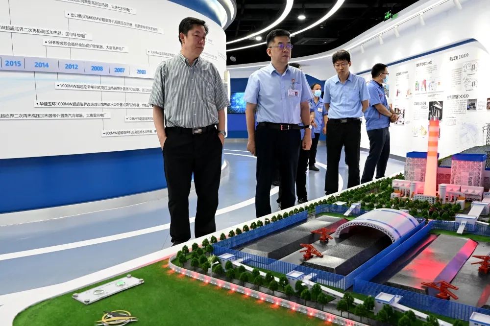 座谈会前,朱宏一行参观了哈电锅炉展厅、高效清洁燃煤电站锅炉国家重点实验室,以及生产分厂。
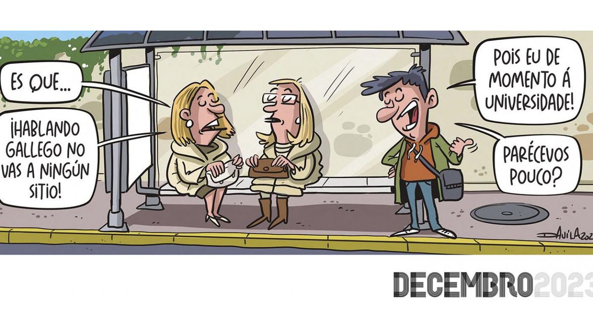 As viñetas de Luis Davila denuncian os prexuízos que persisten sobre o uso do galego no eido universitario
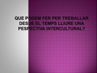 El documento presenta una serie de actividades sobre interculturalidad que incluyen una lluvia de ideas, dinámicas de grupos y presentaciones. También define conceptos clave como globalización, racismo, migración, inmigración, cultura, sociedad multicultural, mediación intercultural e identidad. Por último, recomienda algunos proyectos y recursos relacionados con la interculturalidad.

□ □ □ □ □

Problem description => Write the lines above out again exactly, without any of their pictures.

Reply to the exercise =>
 座谈会前,朱宏一行参观了哈电锅炉展厅、高效清洁燃煤电站锅炉国家重点实验室,以及生产分厂。
 As viñetas de Luis Davila denuncian os prexuízos que persisten sobre o uso do galego no eido universitario
 El documento presenta una serie de actividades sobre interculturalidad que incluyen una lluvia de ideas, dinámicas de grupos y presentaciones. También define conceptos clave como globalización, racismo, migración, inmigración, cultura, sociedad multicultural, mediación intercultural e identidad. Por último, recomienda algunos proyectos y recursos relacionados con la interculturalidad.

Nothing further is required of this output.